Per farvi fronte il Governo ha
varato un decreto legge che
individua alcune iniziative
tampone per farvi fronte. Ma
al di là dell’emergenza odierna, cosa ritiene si debba attuare per promuovere la professione tra i giovani?
Da quanto appena detto discendono ovvie conseguenze rispetto alla carenza quantitativa
di infermieri. I giovani vorranno
diventare infermieri se a questa
professione saranno attribuiti
pari dignità, pari ruolo e pari status rispetto alle altre professioni del settore. Gli sforzi volti ad
attrarre giovani verso la realtà
infermieristica saranno altrimenti vani, e il settore diventerà un’area di approdo per la fetta più acculturata degli immigrati provenienti dai Paesi in via
di sviluppo. Il ministero della Salute ha dimostrato di aver preso
sul serio la questione proprio in
questi ultimi giorni, avanzando
proposte interessanti per andare nella direzione detta.

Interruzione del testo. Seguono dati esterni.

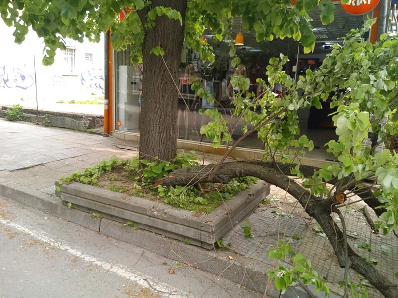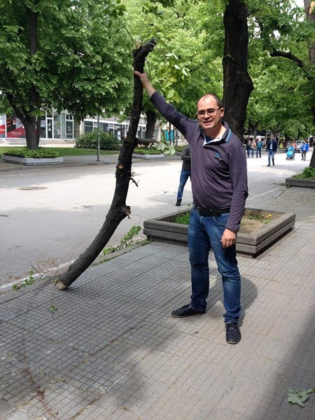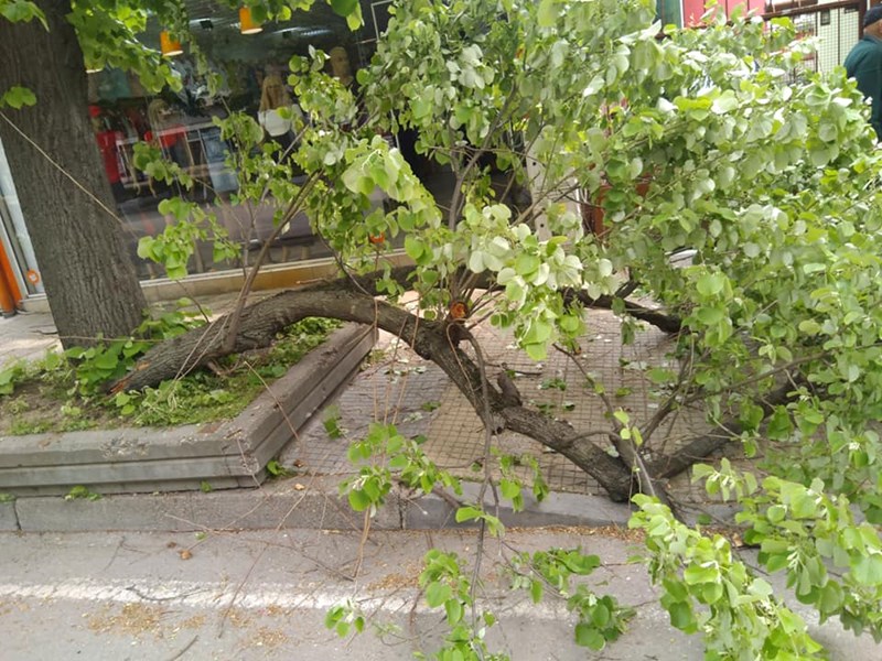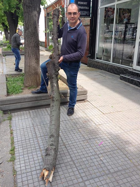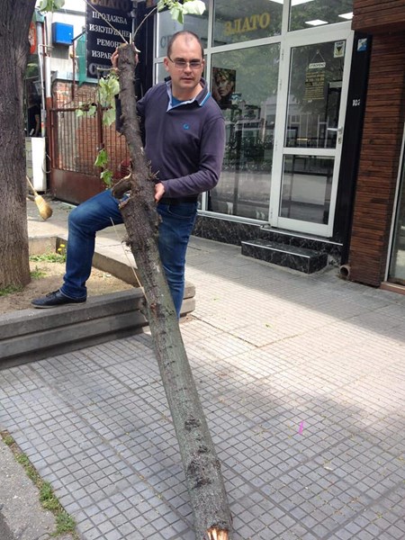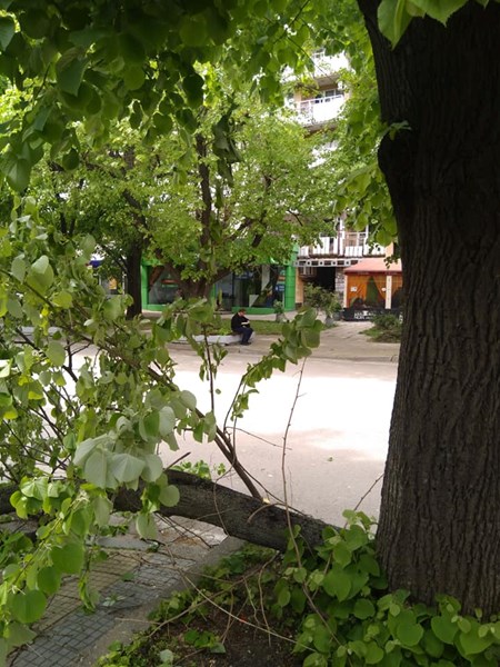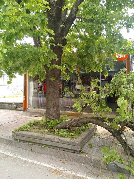 Току що на метри от мен, на главната улица "Александровска", падна този голям масивен клон, който наетите от общинска администрация на най-добрия град за живеене в духа на политиката на видими резултати не са отрязали!

I contrasti che si sono avuti a livello politico e parlamentare sulla questione sembrano trarre origine in gran parte da problemi
di tipo economico, e dunque sono una spia della ulteriore prevalenza delle valenze economiche nel sistema, rispetto a quelle professionali ed etiche. C’è solo da augurarsi che la strada intrapresa nella direzione della crescita professionale e di ruolo delle categorie infermieristiche e
socio-sanitarie nel sistema della salute possa riprendere senza
intoppi e il più rapidamente possibile.